Porque o futebol italiano faliu, por Fabrizio Bocca

Após a noite terrível de Old Trafford, após os gols de Wayne Rooney parar o Milan, com três das quatro equipes italianas já desclassificadas na LC, aqui estão dez razões para a discussão em torno da crise no futebol italiano em si. E sem pensar que, se a Inter se classificar na semana que vem, os problemas estão todos resolvidos. E também sem usar como desculpa o fato de que mesmo que o Real Madrid, que gastou 200 milhões de euros para reforçar em si foi eliminada, no seu conjunto não é um crime acontecer para nós. A Itália fracassa na Europa há três anos.

1 – Temos um futebol velho e exausto, apostando em ex-jogadores em atividade, que já foram grandes mas não são mais. Del Piero na Juventus, Totti na Roma ou Inzaghi e Gattuso no Milan. Os grandes clubes são renovados timidamente e da maneira errada.

2 – Contrata-se mal com o pouco dinheiro que há. Beckham para o Milan faz pouco sentido, se não do ponto de vista da imagem. Clubes estrangeiros, especialmente britânicos, têm agora organizações muito melhores vide a venda de Ronaldo (que contratou Valencia) ea equipe multirracial de Wenger no Arsenal.

3 – Os clubes italianos raramente investem em jovens e os que o fazem os obrigam a anos de banco de reservas antes de dar-lhes tempo de jogo. Balotelli está sempre em discussão na Inter e Giovinco jamais teve fé na Juventus. E por aí vai.

4 – Estamos em uma crise financeira. É verdade que nós gastamos muito menos no mercado, mas também é verdade que tudo o que os compromissos com os grandes clubes ainda pagam valores muito altos, ver os grandes salários de Ronaldinho e Eto o. Nós não temos dívidas do futebol Inglês, mas também é verdade que as estruturas do futebol italiano já são velhas e inadequadas para competir internacionalmente. A loja do Man Utd vendeu milhares de camisetas de Rooney ontem a £ 65 cada uma: uma máquina de fazer dinheiro para Old Trafford, na Inglaterra e em todo o mundo. Falamos muito, mas nós vendemos nosso futebol de forma errada. Contamos apenas com receitas de TV ou quase isso. A TV, entre outros, infla o futebol em si, eliminando o estímulo e vontade de construir novos estádios, e adaptado às necessidades modernas. Os presidentes jogaram fora as oportunidades no passado. Ninguém os impediu de apostar só no dinheiro da TV e não construir estádios.

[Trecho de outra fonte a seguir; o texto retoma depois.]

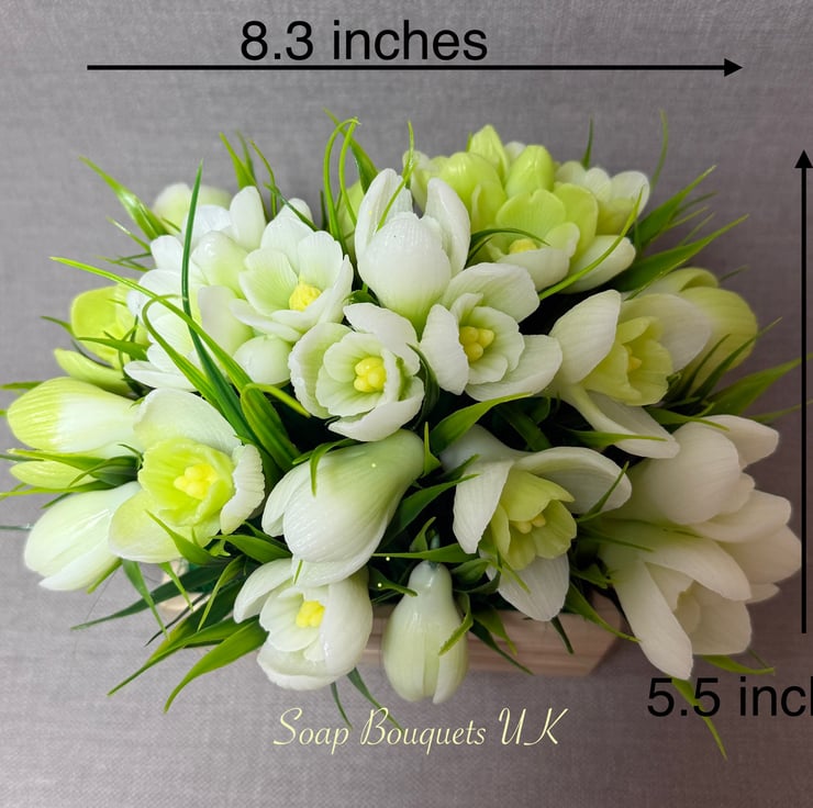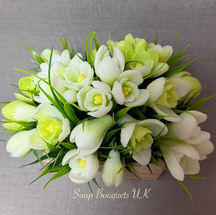Transform your self-care routine with this exquisite handmade soap flower set, designed to resemble delicate snowdrops. Crafted with attention to detail, these soap flowers add beauty and relaxation to any space while offering a luxurious spa-like experience.

5 – Muitos jogadores e treinadores, em particular, muitos agora preferem ir para o estrangeiro nível, um claro sinal de perda do apelo do futebol italiano. O que obviamente é um pouco mais pobre de todos os pontos de vista.

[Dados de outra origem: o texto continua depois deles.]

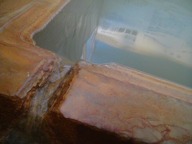 お湯の香りはほとんど変わりませんが、同じ分析書を掲げるニュー温泉閣ホテルのお湯よりも油浮きは少なく、日帰り入浴できる施設の中では一番サッパリした、軽いお湯でした。

6 – A Itália estúpida e inexplicavelmente menospreza a Europa League, mas mesmo com esta competição pode ser secundário a marcar pontos para ranking da Uefa. E ganhar um bom dinheiro se você chegar longe.

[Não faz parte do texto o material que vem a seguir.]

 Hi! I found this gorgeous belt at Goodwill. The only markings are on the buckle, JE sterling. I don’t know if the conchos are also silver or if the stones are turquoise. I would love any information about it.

7 – Depois da conquista do Milan em 2007, ninguém  – federação, clubes e dirigentes – investiu em novas legislações e estruturas. Os clubes brigam entre si e não conseguem fazer frente ao futebol de fora. Todos têm os mesmos problemas: crise financeiraestádios, relações com a TV, divisões de base – especialmente fora da Série A – e assim por diante.

8 – A falta de concorrência nos últimos anos com o domínio da Inter produziu um campeonato medíocre. Os campeonatos Inglês, Espanhol e Alemão são mais equilibrados e interessantes. Estamos superados por estas escolas de futebol.

9 – Temos um futebol feio, covarde, excessivamente tático. O futebolista moderno é um mix de força física e talento, ou pelo menos resistência (Rooney, Cristiano Ronaldo, Messi, Villa, etc) e temos pouquíssimos jogadores assim.

10 – A nossa especialidade são as queixas sobre a arbitragem – no campeonato e na Liga dos Campeões. Nós fizemos do replay um totem absurdo do mal. Isso produziu uma subcultura que tende a atribuir a derrota a um fator externo, em uma conspiração e nunca fazer uma análise séria das suas responsabilidades. Em suma, temos uma cultura de derrota. E não sabemos mais como vencer.

PS: A versão original deste artigo foi publicada no jornal La Repubblica.

Cassiano Gobbet
Cassiano Gobbet é jornalista, formado pela Universidade de São Paulo e mestre em jornalismo digital pela Bournemouth University.